1) First, the slurry is created by a mud mixing equipment in the pulping pool. After 24h, the proportion of mud, viscosity, sand content and other indicators are measured. Following the completion of the usage requirements, a mud pump is used to supply mud to the new slotted section.

2) The double-wheel slot milling machine starts to work. Two hydraulic motors drive the milling wheel, which rotates and cuts rock and soil bodies by breaking them into pieces, rolling them up, and mixing them with the mud in the slot. A centrifugal pump located between the two milling wheels pumps the mud containing debris through the mud pipe to the background desanding system.

3) The background desanding screen system is composed of a gravel separator and a desanding device. The mud pumped by the centrifugal pump of a milling trough machine is filtered and desanded on two levels. The clean mud enters the slurry storage box at the bottom of the desanding system.

4) As the tank’s depth increases and the mud is lost in the process, the mud needs to be replenished during the construction, and the mud is manufactured and transported to the tank through the pulping pool.

5) During underwater concrete pouring, the mud in the tank will be recycled to the sedimentation tank through the mud pump. If the indicators are qualified, the mud can be used to reduce the overall amount of mud.

When the performance index of circulating mud or recycled mud is not qualified, it becomes waste slurry. The waste slurry that is immediately removed will cause huge pollution to the environment, and it needs to be transported to the authorized off-site facility for treatment, which will be extremely expensive. The waste slurry produced during the construction process was treated harmlessly and the procedure is described as following. The waste mud is separated into water and mud cake through the mud filter press, as shown in Fig.13. The water is directed into the clear pool for reuse, and the mud cake produced by the filter press was dehydrated and can be directly transported to the filling area of the site. Then, the cost of mud treatment is effectively reduced, and the waste mud is fully utilized to avoid pollution and achieve green construction.
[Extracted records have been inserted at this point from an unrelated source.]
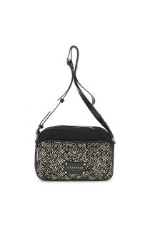Camera bag trapuntata in nylon con stampa floccato effetto tessuto. chiusura con zip e tracolla regolabile. design compatto e originale perfetto per ogni giorno.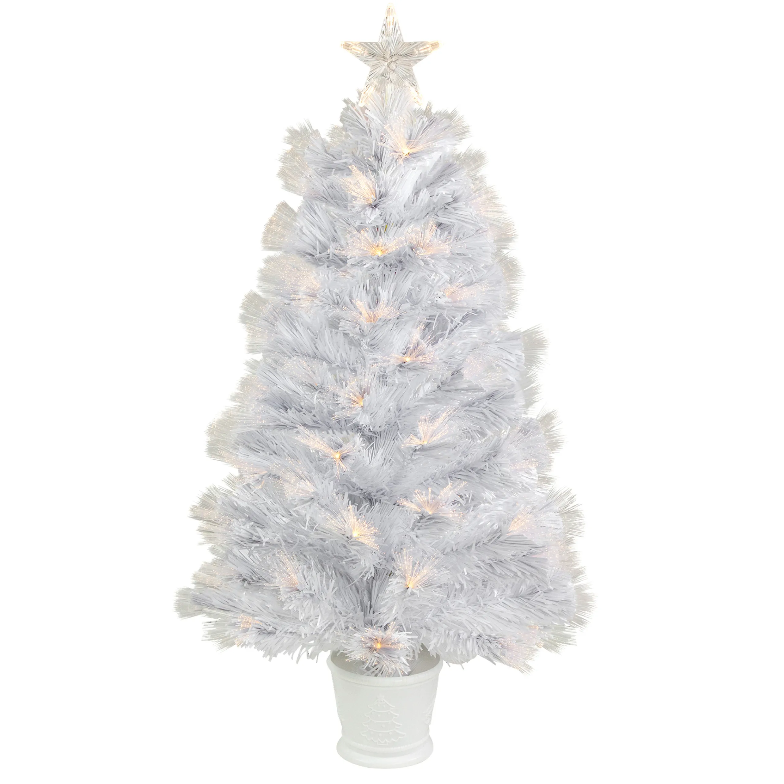 Northlight Fiber Optic Trees>3′ Pre-Lit White Fiber Optic Artificial Christmas Tree, Warm White Lights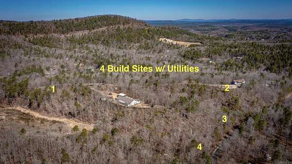 Discover privacy, acreage, and endless potential with this 16.78-acre estate near Hot Springs, ideal for a family compound, multigenerational living, private retreat, or investment property. The 3,112 sq ft home offers spacious rooms, an open great room, breakfast nook, formal dining room, and a large covered back porch perfect for entertaining and outdoor living. A rock fountain creates a peaceful backyard setting for relaxing evenings. The primary suite features an ensuite bath and private sunroom with hot tub, creating the perfect personal retreat. A versatile guest room includes a built-in desk and Murphy bed, ideal for a home office, remote work space, or guests. Property includes four additional buildable homesites with utilities available, plus an additional 3.13-acre parcel with foundation already in place, offering incredible potential for guest homes, vacation rentals, Airbnb/VRBO potential, or future development. A large shop building provides space for hobbies, equipment, or workshop use. Enjoy peaceful country living with acreage and privacy just minutes from Oaklawn Racing Casino Resort, Bathhouse Row, downtown Hot Springs, lakes, dining, and entertainment.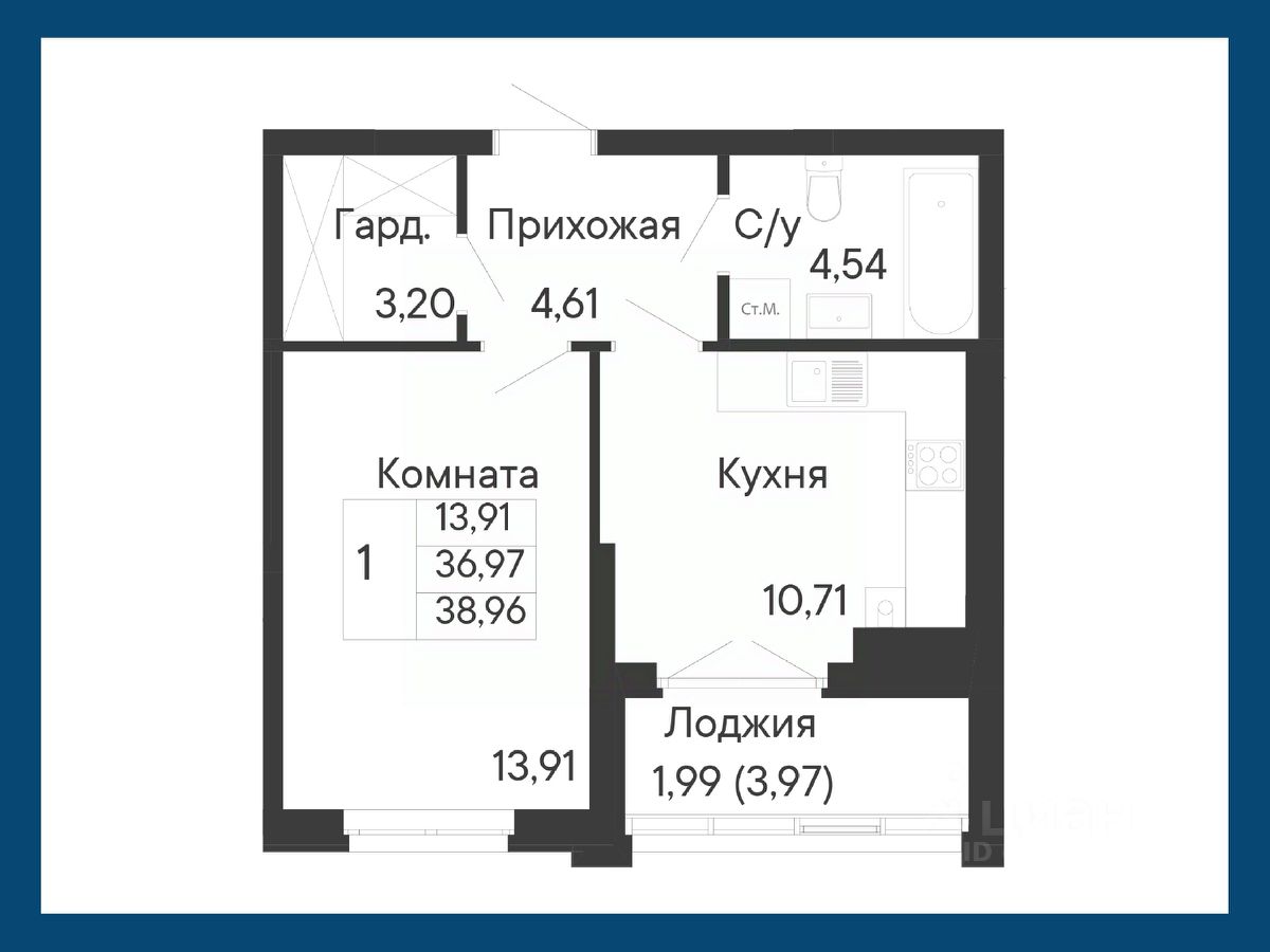 Общая площадь38,96 м²

Fig. 13 Water separation diagram of mud filter press

4 The construction effect

By adopting essential construction techniques listed above, the underground diaphragm wall construction has achieved good results. After the underground diaphragm wall has been grooved, ultrasonic grooved meter is used to test the slot hole, and all of the indexes can meet the design requirements. According to the results, the trench verticality of the ground wall has completely reached 1/600 which met the design requirements, and the filling coefficient of concrete is less than 1.10, with an average of about 1.05, and the trench effect is good. The integrity of the wall body was tested by acoustic transmission method, and the quality of the wall was satisfactory. Basically, it was a class I wall, with no class Ⅲ and IV walls.

5 Conclusion

With the continuous development of underground space, the application scope of underground diaphragm wall is becoming more and more wide, and the increasingly difficult engineering geological conditions have become a serious problem. To construct an ultra-deep underground continuous wall under difficult geological conditions, the project adopts a number of advanced and applicable essential technologies that can effectively solve the construction problems.

1) In the newly filled area, cement-soil mixing piles are used to pre-reinforce the groove wall of underground continuous wall, which effectively improves the stability of the groove wall. The piles can also ensures the quality of the wall, and reduces the filling coefficient of concrete perfusion.

2) Using the milling-drilling-milling grooving method can increase the double wheel grooving machine into the rock construction of the air surface. It can also significantly improve the construction efficiency, and ensure the quality of construction.

3) In view of the super long and overweight underground continuous wall reinforcement cage, the safety of the overall production and hoisting construction process is ensured through the reinforcement and hoisting calculation and the selection of the reinforcement cage.

4) The efficient and green mud circulation treatment technology is adopted to achieve the goal of recycling and green construction.